There are statements for natural number x, like followings
m: "x is even natural number"
n: "x+1 is odd number and x>1"
l: "x is positive integer multiple of two"
m, n, l has same boolean value for x. If m(x) is true, n(x), l(x) is also true. m(x) is false, n(x), l(x) is also false.
Let's define this statements are "equivalent for x." Hence n, l is equivalent for x with m.
Another example
q: "x is natural number and 3.5 < x < 10"
p: "x is integer and 3 < x < 19/2"
We can say "q is equivalent for x with p"
Now, let set M is "all Gödel numbers of the statements that are equivalent for x with statement m"
Set M is infinite set of natural numbers that is dependent for m.
My question: For given m (a statement of x), set M is recursively enumerable?
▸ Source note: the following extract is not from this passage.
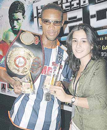 El campeón Celestino "Pelenchín" Caballero, junto a María Cristina de Goytía, ejecutiva de mercadeo de Telecarrier, empresa patrocinadora de la cartelera boxística del pasado viernes 3 de febrero, haciendo entrega de las tarjetas prepagadas "Habla Panamá" a nuestro pugilista, con las que puede realizar sus llamadas a nivel local nacional, internacional, teléfonos públicos y prepago.
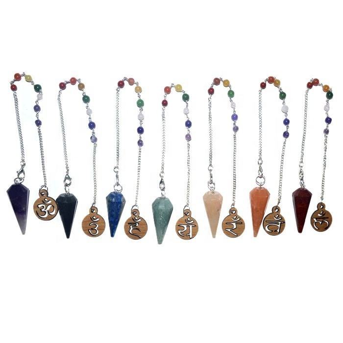 Top Selling Witchcraft Supplies Crystal Pendulum Chakra Sanskrit 12 Faceted Beads Pendulums Set

The set of Gödel numbers of statements that are equivalent to a fixed m is never recursively enumerable, no matter what the statement m is. The reason is that, for any statement s that does not involve x or other free variables, and that is therefore simply true or false, we have that s is true if and only if the compound statement "s iff m" is equivalent to m. So if we could recursively enumerate the (Gödel numbers of) statements equivalent to m, then we could also recursively enumerate the true statements s, which would contradict Tarski's theorem that the set of (Gödel numbers of) true statements of arithmetic is not even arithmetically definable, let alone recursively enumerable.